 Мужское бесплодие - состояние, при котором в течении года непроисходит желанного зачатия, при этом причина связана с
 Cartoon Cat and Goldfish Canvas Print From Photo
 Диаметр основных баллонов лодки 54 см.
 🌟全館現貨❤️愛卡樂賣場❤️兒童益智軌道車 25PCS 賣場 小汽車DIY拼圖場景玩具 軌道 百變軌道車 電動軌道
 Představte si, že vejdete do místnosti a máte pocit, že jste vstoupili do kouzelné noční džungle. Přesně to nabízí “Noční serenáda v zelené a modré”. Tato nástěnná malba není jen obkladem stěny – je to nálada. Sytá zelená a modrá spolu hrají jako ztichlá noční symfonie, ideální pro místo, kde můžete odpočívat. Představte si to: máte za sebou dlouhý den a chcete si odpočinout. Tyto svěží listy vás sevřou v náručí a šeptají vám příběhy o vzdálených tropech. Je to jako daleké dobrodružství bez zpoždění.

...

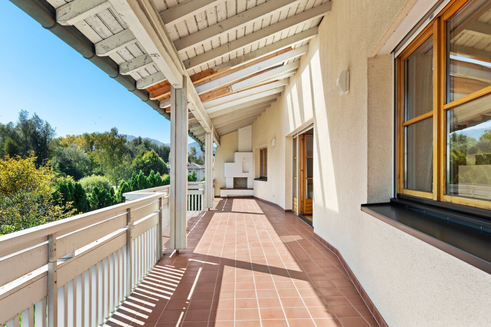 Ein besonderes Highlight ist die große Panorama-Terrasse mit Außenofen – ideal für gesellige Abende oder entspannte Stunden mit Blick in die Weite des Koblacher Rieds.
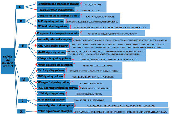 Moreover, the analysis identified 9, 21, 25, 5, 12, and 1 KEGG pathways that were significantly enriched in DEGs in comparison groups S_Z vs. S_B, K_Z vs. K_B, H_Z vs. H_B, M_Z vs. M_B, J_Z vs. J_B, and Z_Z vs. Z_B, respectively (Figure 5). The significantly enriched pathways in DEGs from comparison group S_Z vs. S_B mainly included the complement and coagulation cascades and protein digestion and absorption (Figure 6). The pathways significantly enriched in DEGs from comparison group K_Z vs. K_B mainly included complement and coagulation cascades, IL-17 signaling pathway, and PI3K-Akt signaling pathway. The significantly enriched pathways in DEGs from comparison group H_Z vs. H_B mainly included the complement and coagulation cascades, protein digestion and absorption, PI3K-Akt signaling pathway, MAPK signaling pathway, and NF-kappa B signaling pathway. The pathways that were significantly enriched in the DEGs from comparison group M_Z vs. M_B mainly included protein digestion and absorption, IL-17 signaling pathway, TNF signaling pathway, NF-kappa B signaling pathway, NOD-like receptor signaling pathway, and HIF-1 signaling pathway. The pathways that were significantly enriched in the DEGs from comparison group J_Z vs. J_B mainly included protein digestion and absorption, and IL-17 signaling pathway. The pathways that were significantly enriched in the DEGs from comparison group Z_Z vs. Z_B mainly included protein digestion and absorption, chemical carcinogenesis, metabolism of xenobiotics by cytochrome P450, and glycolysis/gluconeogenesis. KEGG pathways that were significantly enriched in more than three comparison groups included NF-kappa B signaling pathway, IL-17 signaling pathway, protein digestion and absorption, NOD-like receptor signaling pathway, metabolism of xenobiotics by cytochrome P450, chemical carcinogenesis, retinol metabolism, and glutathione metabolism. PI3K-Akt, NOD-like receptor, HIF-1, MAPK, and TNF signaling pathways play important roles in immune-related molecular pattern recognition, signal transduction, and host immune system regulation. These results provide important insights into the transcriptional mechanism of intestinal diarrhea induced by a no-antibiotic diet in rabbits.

__DIRECTIONS FOR THIS TASK__:
Return, word for word, the lines of the data above from the line with "Мужское бесплодие - состояние, при" through the line with "Představte si, že", inclusive.

__RESPONSE TO THIS EXERCISE__:
 Мужское бесплодие - состояние, при котором в течении года непроисходит желанного зачатия, при этом причина связана с
 Cartoon Cat and Goldfish Canvas Print From Photo
 Диаметр основных баллонов лодки 54 см.
 🌟全館現貨❤️愛卡樂賣場❤️兒童益智軌道車 25PCS 賣場 小汽車DIY拼圖場景玩具 軌道 百變軌道車 電動軌道
 Představte si, že vejdete do místnosti a máte pocit, že jste vstoupili do kouzelné noční džungle. Přesně to nabízí “Noční serenáda v zelené a modré”. Tato nástěnná malba není jen obkladem stěny – je to nálada. Sytá zelená a modrá spolu hrají jako ztichlá noční symfonie, ideální pro místo, kde můžete odpočívat. Představte si to: máte za sebou dlouhý den a chcete si odpočinout. Tyto svěží listy vás sevřou v náručí a šeptají vám příběhy o vzdálených tropech. Je to jako daleké dobrodružství bez zpoždění.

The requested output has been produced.